[Opening GIVEN DATA section]

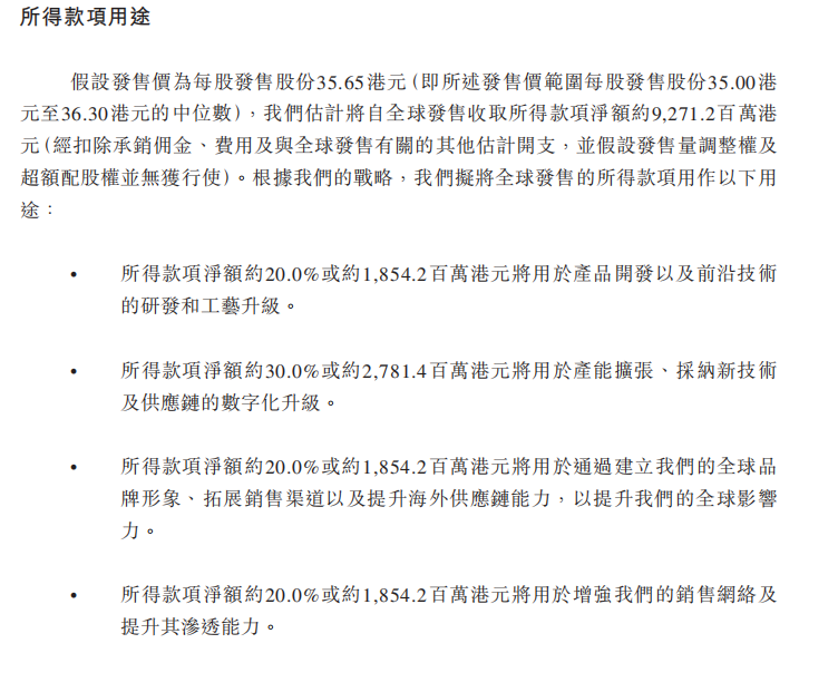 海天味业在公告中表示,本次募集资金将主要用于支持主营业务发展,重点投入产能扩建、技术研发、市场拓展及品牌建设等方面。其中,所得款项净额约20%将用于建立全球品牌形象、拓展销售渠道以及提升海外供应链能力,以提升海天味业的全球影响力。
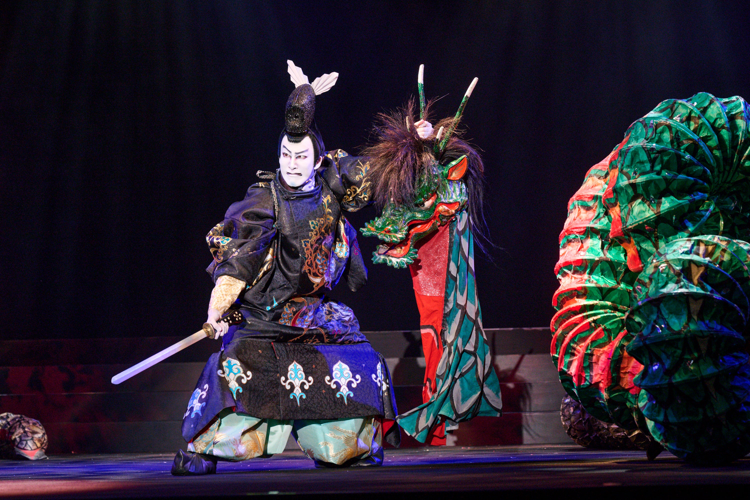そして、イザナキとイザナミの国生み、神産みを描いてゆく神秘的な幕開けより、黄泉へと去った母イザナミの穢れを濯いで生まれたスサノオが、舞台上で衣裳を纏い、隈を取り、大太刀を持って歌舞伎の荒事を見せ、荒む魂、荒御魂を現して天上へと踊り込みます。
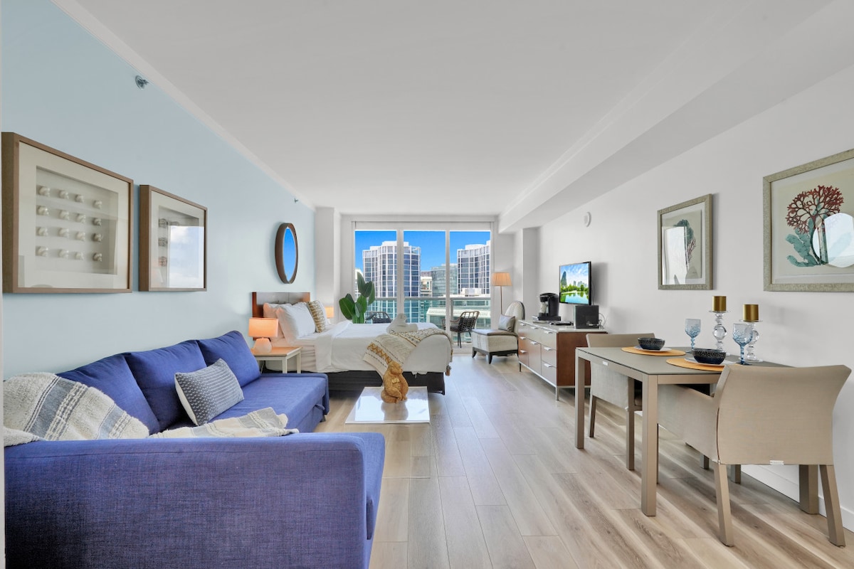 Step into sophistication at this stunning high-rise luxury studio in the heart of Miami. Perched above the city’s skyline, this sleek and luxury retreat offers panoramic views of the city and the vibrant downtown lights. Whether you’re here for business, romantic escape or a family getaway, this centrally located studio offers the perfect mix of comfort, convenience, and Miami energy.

[Closing GIVEN DATA section]

PROBLEM >> Every line from the one holding "そして、イザナキとイザナミの" through the final line of the data above is to be reproduced exactly, both ends included, with the pictures left out.

EXERCISE ANSWER >>
そして、イザナキとイザナミの国生み、神産みを描いてゆく神秘的な幕開けより、黄泉へと去った母イザナミの穢れを濯いで生まれたスサノオが、舞台上で衣裳を纏い、隈を取り、大太刀を持って歌舞伎の荒事を見せ、荒む魂、荒御魂を現して天上へと踊り込みます。
 Step into sophistication at this stunning high-rise luxury studio in the heart of Miami. Perched above the city’s skyline, this sleek and luxury retreat offers panoramic views of the city and the vibrant downtown lights. Whether you’re here for business, romantic escape or a family getaway, this centrally located studio offers the perfect mix of comfort, convenience, and Miami energy.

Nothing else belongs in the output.